##### THE DATA

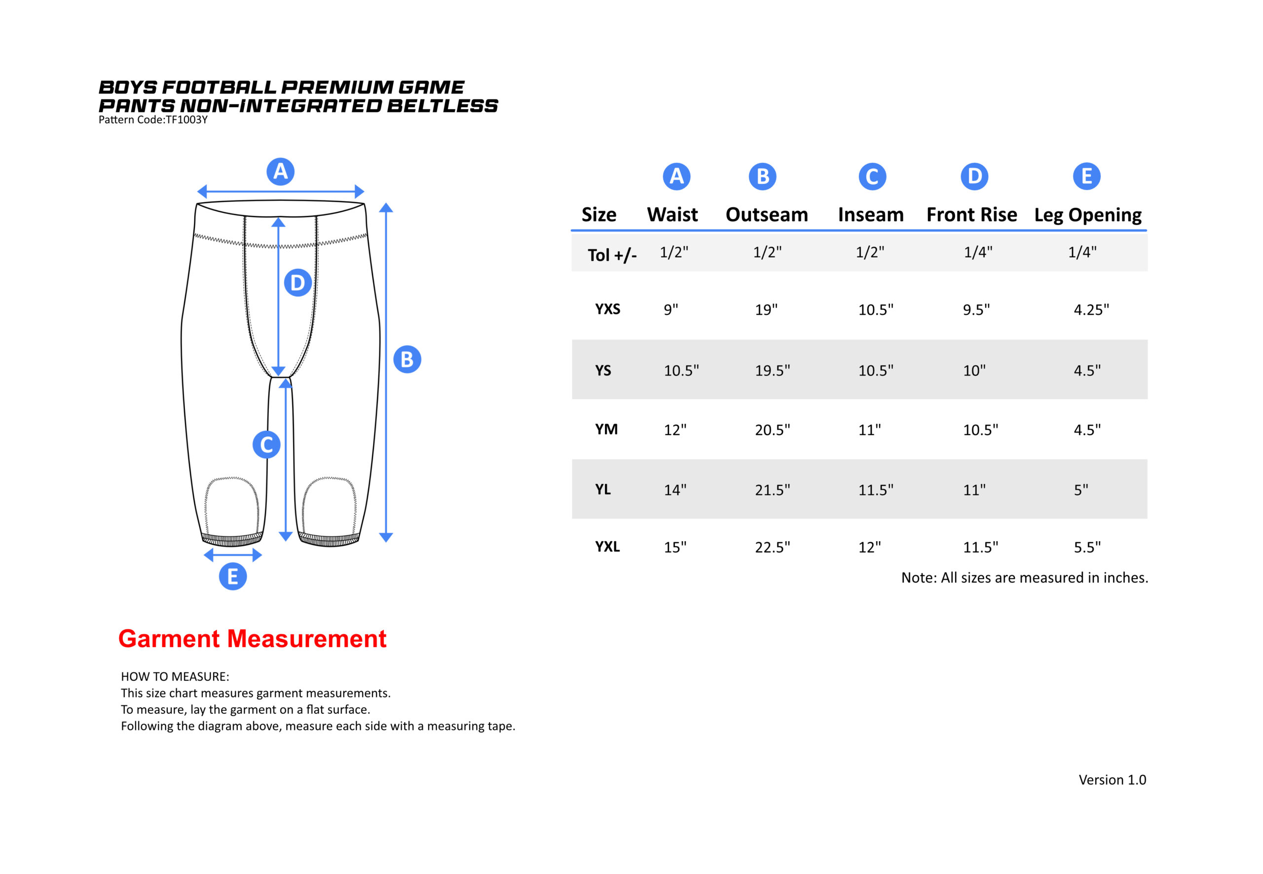 Elite YOUTH Football Pants Beltless Non Integrated
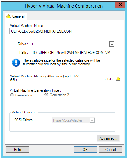 PlateSpin Migrate displays target virtual machine configuration options specific to the selected target and also provides access to advanced configuration options. For information about host-specific configuration options, see Target VM Configuration: Microsoft Hyper-V.
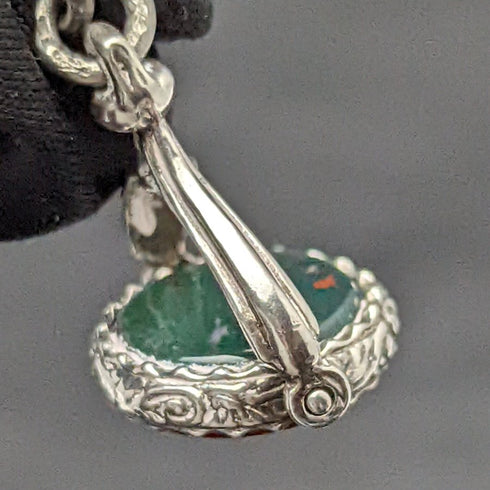 緑に少し赤の入ったブラッド・ストーンと赤いカーネリアンの回転式のフォブがついています。
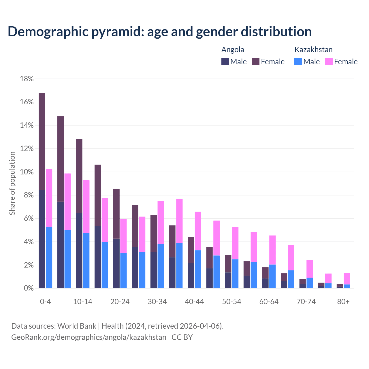 Demographics of Angola compared to Kazakhstan:
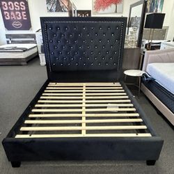Queen Bed Frame In Black Velvet With Crystals $499Glendale, AZ
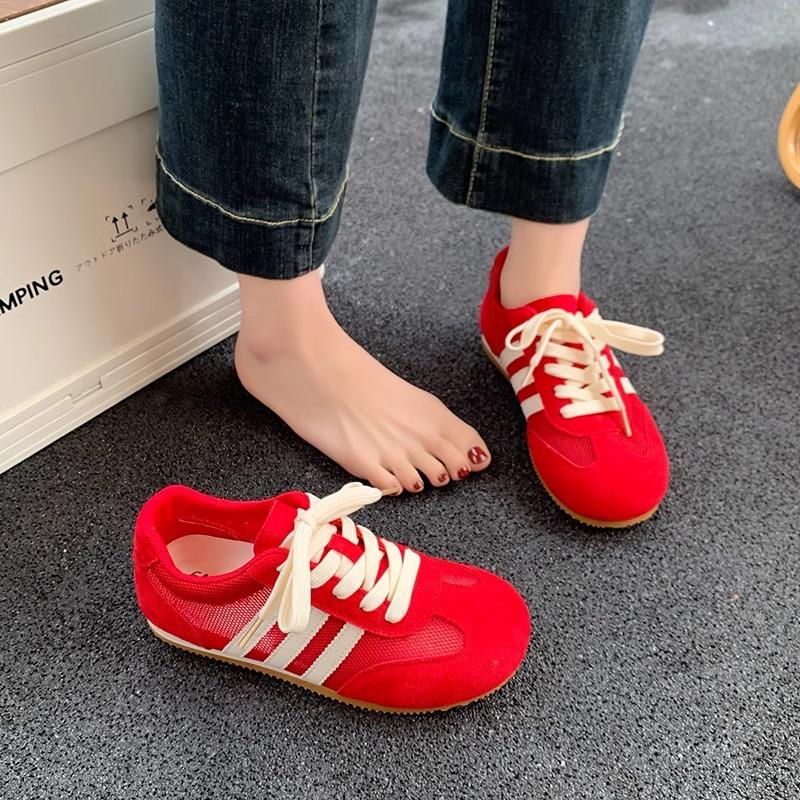 Sommar tyska träningsskor dam 2025 nya populära retro mesh andningsbara mångsidiga avslappnade brädskor Forrest Gump vita skor

##########

All lines from the one containing "緑に少し赤の入ったブラッド・" to the end of the entries should appear in the output exactly as written, with no pictures.

* RESULT FOR THIS TASK:
 緑に少し赤の入ったブラッド・ストーンと赤いカーネリアンの回転式のフォブがついています。
 Demographics of Angola compared to Kazakhstan:
Queen Bed Frame In Black Velvet With Crystals $499Glendale, AZ
 Sommar tyska träningsskor dam 2025 nya populära retro mesh andningsbara mångsidiga avslappnade brädskor Forrest Gump vita skor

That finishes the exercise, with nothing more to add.